### WHAT THE EXERCISE ASKS
From the entries below, transcribe exactly the lines between the line holding "Le lit à dais" and the line holding "分かち合いの後には、一人ずつ", inclusive; skip all other lines.

[Records from a collection]
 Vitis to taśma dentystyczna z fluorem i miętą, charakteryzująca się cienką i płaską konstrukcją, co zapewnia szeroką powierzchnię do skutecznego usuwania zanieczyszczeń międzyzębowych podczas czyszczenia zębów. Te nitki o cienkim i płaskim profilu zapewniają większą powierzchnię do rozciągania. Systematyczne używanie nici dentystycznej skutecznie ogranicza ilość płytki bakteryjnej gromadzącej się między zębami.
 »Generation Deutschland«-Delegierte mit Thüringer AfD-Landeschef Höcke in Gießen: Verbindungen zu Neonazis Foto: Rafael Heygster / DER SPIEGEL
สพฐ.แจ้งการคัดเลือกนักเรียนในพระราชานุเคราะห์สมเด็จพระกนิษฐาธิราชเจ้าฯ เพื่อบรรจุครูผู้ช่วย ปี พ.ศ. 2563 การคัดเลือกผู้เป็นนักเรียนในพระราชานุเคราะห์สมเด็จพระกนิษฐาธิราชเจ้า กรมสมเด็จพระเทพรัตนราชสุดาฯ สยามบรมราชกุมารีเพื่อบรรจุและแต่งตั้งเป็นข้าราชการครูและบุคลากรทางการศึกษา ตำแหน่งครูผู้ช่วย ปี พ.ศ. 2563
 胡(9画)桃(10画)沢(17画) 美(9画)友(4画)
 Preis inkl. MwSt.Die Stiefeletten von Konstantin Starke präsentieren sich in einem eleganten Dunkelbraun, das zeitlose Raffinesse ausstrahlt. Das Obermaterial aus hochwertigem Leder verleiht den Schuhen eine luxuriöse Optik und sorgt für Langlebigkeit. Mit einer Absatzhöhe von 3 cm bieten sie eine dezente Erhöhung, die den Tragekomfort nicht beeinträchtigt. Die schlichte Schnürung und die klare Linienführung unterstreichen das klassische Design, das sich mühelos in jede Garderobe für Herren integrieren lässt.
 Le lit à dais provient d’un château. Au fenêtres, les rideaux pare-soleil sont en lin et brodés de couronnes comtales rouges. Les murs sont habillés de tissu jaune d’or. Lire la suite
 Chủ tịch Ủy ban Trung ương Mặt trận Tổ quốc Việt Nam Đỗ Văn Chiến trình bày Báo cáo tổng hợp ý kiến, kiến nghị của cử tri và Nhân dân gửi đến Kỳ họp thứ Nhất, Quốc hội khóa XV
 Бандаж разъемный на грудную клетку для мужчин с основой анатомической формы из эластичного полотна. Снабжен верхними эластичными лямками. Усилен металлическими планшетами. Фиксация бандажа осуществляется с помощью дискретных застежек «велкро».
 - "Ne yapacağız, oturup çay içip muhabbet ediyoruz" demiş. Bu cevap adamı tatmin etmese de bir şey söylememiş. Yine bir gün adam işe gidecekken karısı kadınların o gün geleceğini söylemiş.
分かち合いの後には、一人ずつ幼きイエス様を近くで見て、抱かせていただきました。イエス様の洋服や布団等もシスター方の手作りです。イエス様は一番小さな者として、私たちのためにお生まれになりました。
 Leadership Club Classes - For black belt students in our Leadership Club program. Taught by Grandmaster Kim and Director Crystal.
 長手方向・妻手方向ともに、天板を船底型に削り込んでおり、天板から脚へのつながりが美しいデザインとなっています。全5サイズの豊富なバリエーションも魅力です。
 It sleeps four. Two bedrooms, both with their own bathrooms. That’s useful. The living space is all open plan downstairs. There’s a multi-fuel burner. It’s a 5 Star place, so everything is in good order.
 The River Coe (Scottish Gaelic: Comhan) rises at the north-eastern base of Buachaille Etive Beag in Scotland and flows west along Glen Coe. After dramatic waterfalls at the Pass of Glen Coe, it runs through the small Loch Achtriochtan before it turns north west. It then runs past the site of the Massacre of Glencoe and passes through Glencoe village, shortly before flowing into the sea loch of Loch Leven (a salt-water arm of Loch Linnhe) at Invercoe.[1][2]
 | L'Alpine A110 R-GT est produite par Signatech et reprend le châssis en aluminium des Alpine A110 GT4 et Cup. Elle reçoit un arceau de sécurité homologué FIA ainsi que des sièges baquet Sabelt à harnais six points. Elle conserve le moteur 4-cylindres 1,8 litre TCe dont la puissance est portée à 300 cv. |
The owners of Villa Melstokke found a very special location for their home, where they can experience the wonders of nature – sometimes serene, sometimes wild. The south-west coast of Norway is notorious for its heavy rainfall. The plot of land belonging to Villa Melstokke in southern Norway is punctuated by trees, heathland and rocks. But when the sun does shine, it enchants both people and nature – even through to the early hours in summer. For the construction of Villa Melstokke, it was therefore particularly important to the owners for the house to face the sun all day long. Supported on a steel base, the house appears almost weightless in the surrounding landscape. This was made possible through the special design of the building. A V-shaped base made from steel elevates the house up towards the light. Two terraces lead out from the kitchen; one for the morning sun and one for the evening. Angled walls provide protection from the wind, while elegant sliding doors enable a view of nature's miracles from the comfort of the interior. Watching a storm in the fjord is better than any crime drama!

### YOUR SOLUTION
 Le lit à dais provient d’un château. Au fenêtres, les rideaux pare-soleil sont en lin et brodés de couronnes comtales rouges. Les murs sont habillés de tissu jaune d’or. Lire la suite
 Chủ tịch Ủy ban Trung ương Mặt trận Tổ quốc Việt Nam Đỗ Văn Chiến trình bày Báo cáo tổng hợp ý kiến, kiến nghị của cử tri và Nhân dân gửi đến Kỳ họp thứ Nhất, Quốc hội khóa XV
 Бандаж разъемный на грудную клетку для мужчин с основой анатомической формы из эластичного полотна. Снабжен верхними эластичными лямками. Усилен металлическими планшетами. Фиксация бандажа осуществляется с помощью дискретных застежек «велкро».
 - "Ne yapacağız, oturup çay içip muhabbet ediyoruz" demiş. Bu cevap adamı tatmin etmese de bir şey söylememiş. Yine bir gün adam işe gidecekken karısı kadınların o gün geleceğini söylemiş.
分かち合いの後には、一人ずつ幼きイエス様を近くで見て、抱かせていただきました。イエス様の洋服や布団等もシスター方の手作りです。イエス様は一番小さな者として、私たちのためにお生まれになりました。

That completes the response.